Clues To Martian Life Found In The Atacama Desert in Chile

By Keith Cowing
Press Release
Frontiers in Mirobiology
February 28, 2019
Filed under
Clues To Martian Life Found In The Atacama Desert in Chile
Correlation of Mars analog sediment geochemistry with bacterial diversity. Canonical Correspondence Analysis (CCA) triplot with symmetrical scaling indicating differences in sediment geochemistry within sediment pits, and influence of these abiotic variables on bacterial communities and individual taxa. The three most abundant taxa are labeled (A, B, C). The circle size of each sample indicates species richness index (Chao 1) of the respective community.
Frontiers in Mirobiology

A robotic rover deployed in the most Mars-like environment on Earth, the Atacama Desert in Chile, has successfully recovered subsurface soil samples during a trial mission to find signs of life.

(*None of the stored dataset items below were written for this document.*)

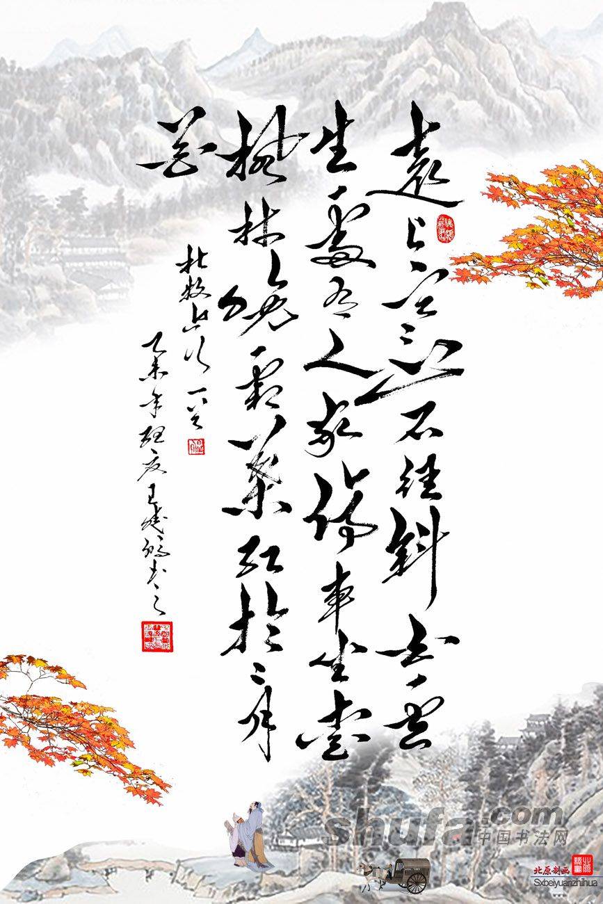 杜牧《山行》(竖式,配画)
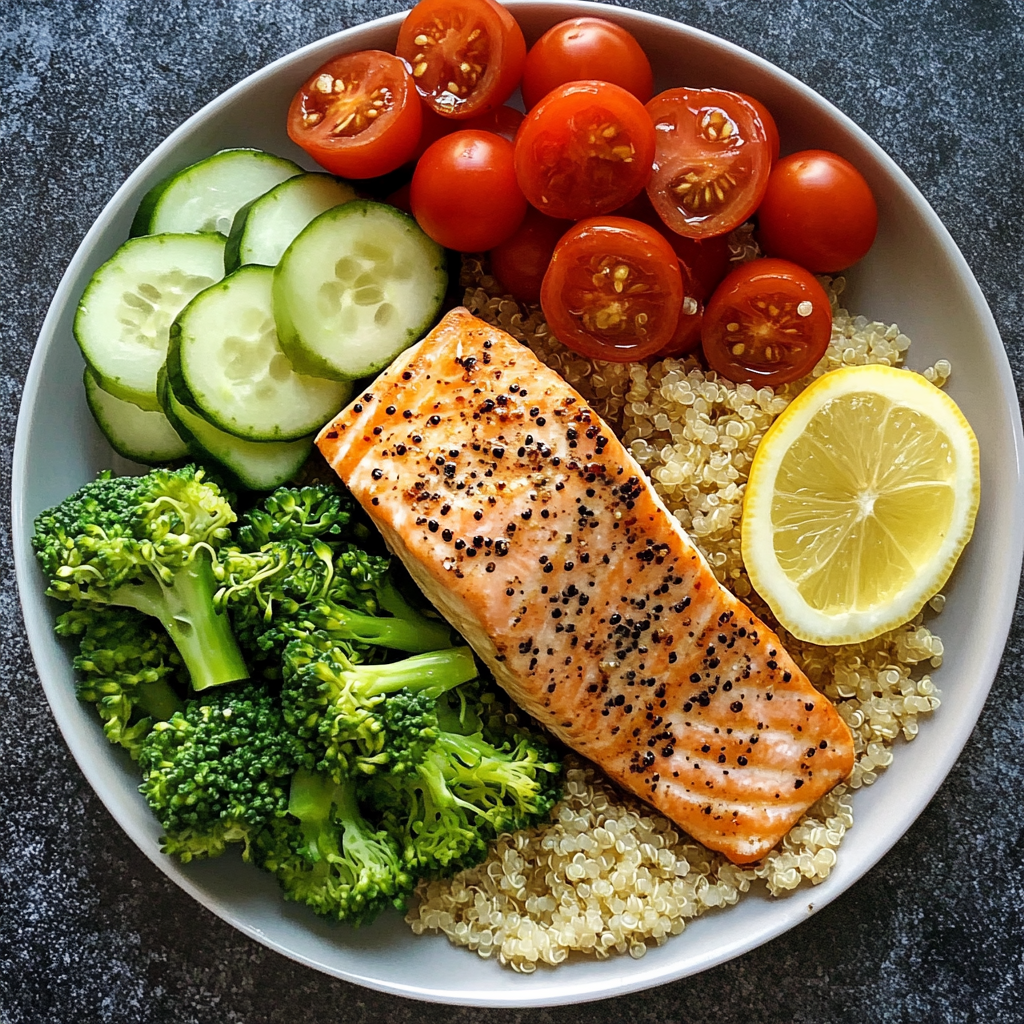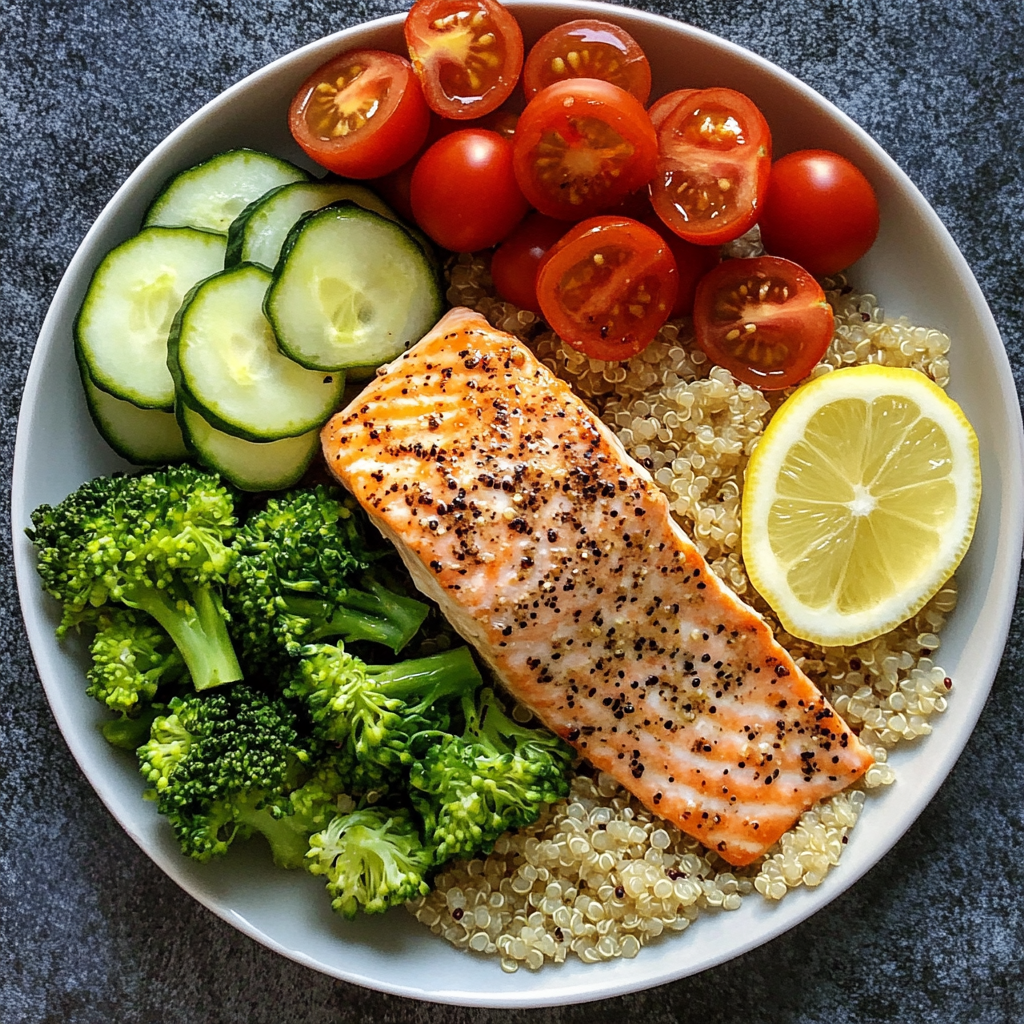 - Assemble your plate by placing the seared salmon alongside fluffy quinoa and topping with steamed broccoli, cucumber slices, and cherry tomatoes.
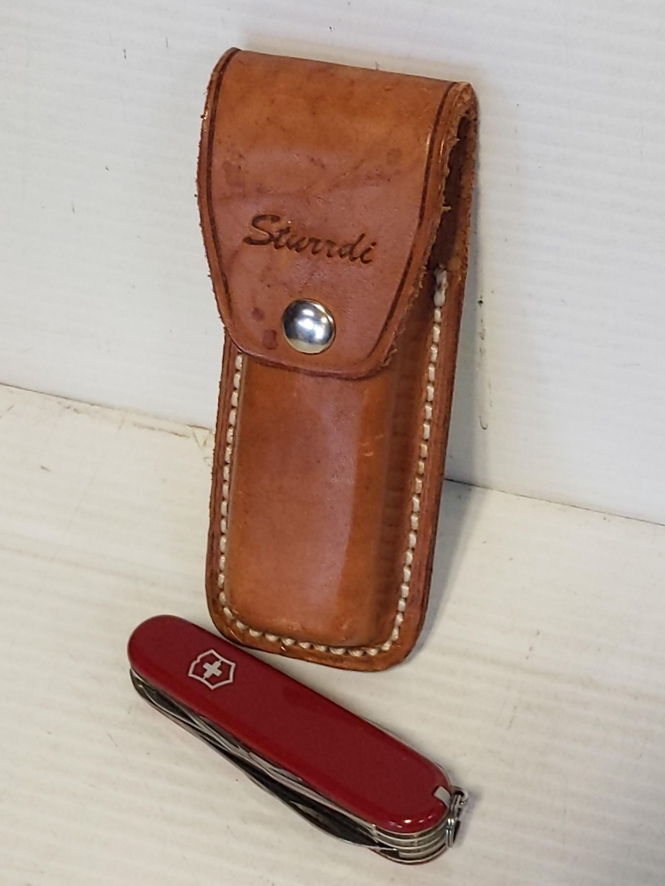 SWISS ARMY KNIFE IN LEATHER BELT SHEATH

The samples contained unusual and highly specialized microbes that were distributed in patches, which researchers linked to the limited water availability, scarce nutrients and chemistry of the soil. These findings, published in Frontiers in Microbiology, will aid the search for evidence of signs of life during future planned missions to Mars.

A Rover Rehearsal in the Most Mars-like Environment on Earth

“We have shown that a robotic rover can recover subsurface soil in the most Mars-like desert on Earth,” says Stephen Pointing, a Professor at Yale-NUS College, Singapore, who led the microbial research. “This is important because most scientists agree that any life on Mars would have to occur below the surface to escape the harsh surface conditions where high radiation, low temperature and lack of water make life unlikely.”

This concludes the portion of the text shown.